This Code of Practices and Procedures for Fair Disclosure of Unpublished Price Sensitive Information (‘the Code’) has been adopted by the Board of Directors of TIL Limited (‘the Company’) pursuant to the provisions of SEBI (Prohibition of Insider Trading) Regulations, 2015, effective 15th May, 2015.
The Code intends to formulate a stated framework and policy for fair disclosure of events and occurrences that could impact price discovery in the market for the Company’s securities and to maintain the uniformity, transparency and fairness in dealings with all stakeholders and ensure adherence to applicable laws and regulations.
Words and expressions used and not defined in the Code but defined in the SEBI (Prohibition of Insider Trading) Regulations, 2015, the Securities and Exchange Board of India Act, 1992 (15 of 1992), the Securities Contracts (Regulation) Act, 1956 (42 of 1956), the Depositories Act, 1996 (22 of 1996) or the Companies Act, 2013 (18 of 2013) and the Rules and Regulations made there under shall have the meanings respectively assigned to them in those legislation.
Principles of Fair Disclosure
The Company shall adhere to the following principles to ensure timely and fair disclosure of Unpublished Price Sensitive Information:
- Prompt public disclosure of unpublished price sensitive information that would impact price discovery, as soon as it has credible and concrete information, in order to make such information generally available.
- Uniform and universal dissemination of unpublished price sensitive information to avoid selective disclosure.
- Prompt dissemination of unpublished price sensitive information that gets disclosed selectively, inadvertently or otherwise to make such information generally available.
- Ensuring that information shared with analysts and research personnel is not unpublished price sensitive information. The Company shall be careful while answering to the queries of analysts. Unanticipated questions shall be taken on notice and a considered response shall be given later.

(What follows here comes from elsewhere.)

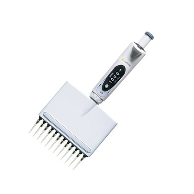 mLINE* 12-Channel Pipettor^ Volume range: 100uL. Features thermal insulation of internal components for accuracy, easy-to-read display, safe-cone filter to prevent contamination and prolong pipettor life, and locking mechanism of counter preventing accidental volume changes.

- Developing best practices to make transcripts or records of proceedings of meetings with analysts and other investor relations conferences on the Company’s website to ensure official confirmation and documentation of disclosures made.

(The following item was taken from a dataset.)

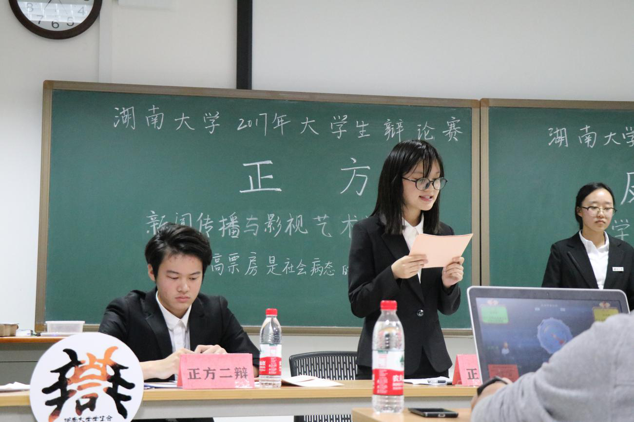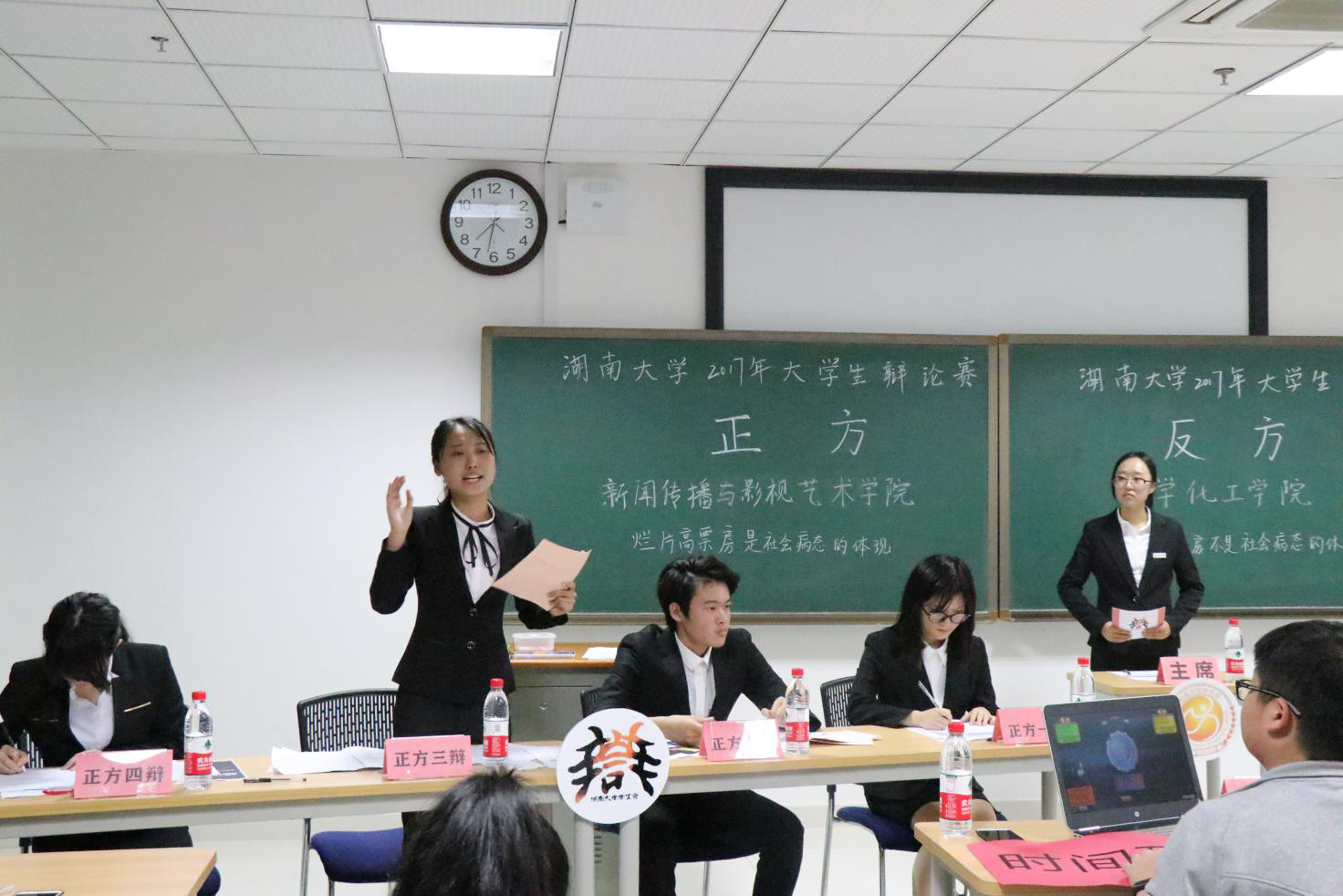 “华为杯”2017大学生辩论赛在研究生院楼进行,19个院的20支队伍齐聚一堂,共同在辩论赛中发声发亮。晚上7点,新闻传播与影视艺术学院对阵化学化工学院,最终新影院取得了本场比赛的胜利。

- Handling of all unpublished price sensitive information on a need-to-know basis. Unpublished price sensitive information shall be disclosed to Company officials only after a proper clarification is sought as to the purpose for which the information is needed.
Monitoring and Co-ordination
The Company Secretary shall act as the Chief Investor Relations Officer (CIO) and will be responsible for ensuring that the Company complies with the continuous disclosure requirements of Securities and Exchange Board of India (Prohibition of Insider Trading) Regulations, 2015 and the Code. He shall also be responsible for overseeing, monitor & co-ordinating dissemination of disclosure of price sensitive information to Stock Exchanges where the securities of the Company are listed (‘The Stock Exchanges’) and stakeholders.
Powers & Duties of Chief Investor Relations Officer (CIO)
- Other than information which is price sensitive in accordance with the Companies Act 2013, the SEBI (Prohibition of Insider Trading) Regulations, 2015 or any other applicable law for the time being in force, the CIO in consultation with the Managing Director & Chief Financial Officer (CFO) shall decide whether an information is price sensitive or not.
- The CIO shall ensure that disclosure to Stock Exchanges is made promptly.
- All information disclosure/dissemination may normally be approved in advance by the CIO. In case information is accidentally disclosed without prior approval of CIO, the person responsible shall immediately inform the CIO.
- The CIO shall ensure that no unpublished price sensitive information is disclosed selectively to any one or group of research analysts or investors to the disadvantage of other stakeholders.
- Any queries or requests for verification of market rumours by the Regulatory Authorities shall be forwarded to the CIO, who shall decide on the clarification to be provided.
- The CIO shall decide whether a public announcement is necessary for verifying or denying rumours.
The Board of Directors of the Company may subject to applicable laws amend / substitute any provision(s) with a new provision(s) or replace the Code entirely with a new Code.
In any circumstance where the terms of the Code differ from any law, rule, regulation etc. for the time being in force, the law, rule, regulation etc. shall take precedence over the Code.
The Code and any subsequent amendment(s) thereto, shall be promptly intimated to the Stock Exchanges.